Intraoperative direct cortical stimulation motor evoked potentials: Stimulus parameter recommendations based on rheobase and chronaxie

Clin Neurophysiol. 2017 Nov;128(11):2300-2308. doi: 10.1016/j.clinph.2017.09.005. Epub 2017 Sep 28.

Abstract

Objective: To determine optimal interstimulus interval (ISI) and pulse duration (D) for direct cortical stimulation (DCS) motor evoked potentials (MEPs) based on rheobase and chronaxie derived with two techniques.

Methods: In 20 patients under propofol/remifentanil anesthesia, 5-pulse DCS thenar MEP rheobase and chronaxie with 2, 3, 4 and 5ms ISI were measured by linear regression of five charge thresholds at 0.05, 0.1, 0.2, 0.5 and 1msD, and estimated from two charge thresholds at 0.1 and 1msD using simple arithmetic. Optimal parameters were defined by minimum threshold energy: the ISI with lowest rheobase2×chronaxie, and D at its chronaxie. Near-optimal was defined as threshold energy <25% above minimum.

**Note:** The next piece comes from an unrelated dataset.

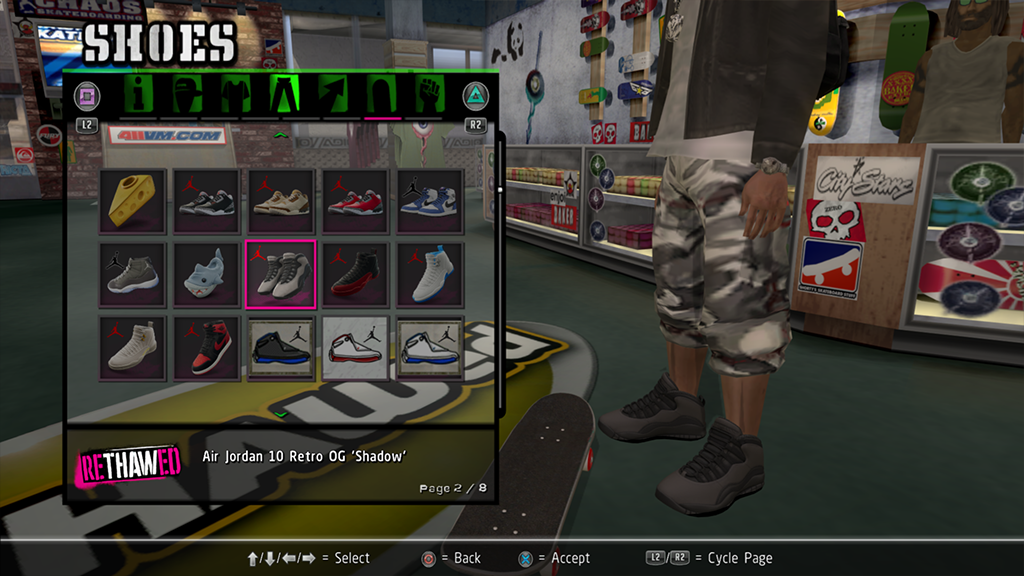 Installed items will show in the appropriate category of the Create-a-Skater menu.

Results: The optimal ISI was 3 or 4 (n=7 each), 2 (n=4), or 5ms (n=2), but only 4ms was always either optimal or near-optimal. The optimal D was ∼0.2 (n=12), ∼0.1 (n=7) or ∼0.3ms (n=1). Two-point estimates closely approximated five-point measurements.

Conclusions: Optimal ISI/D varies, with 4ms/0.2ms being most consistently optimal or near-optimal. Two-point estimation is sufficiently accurate.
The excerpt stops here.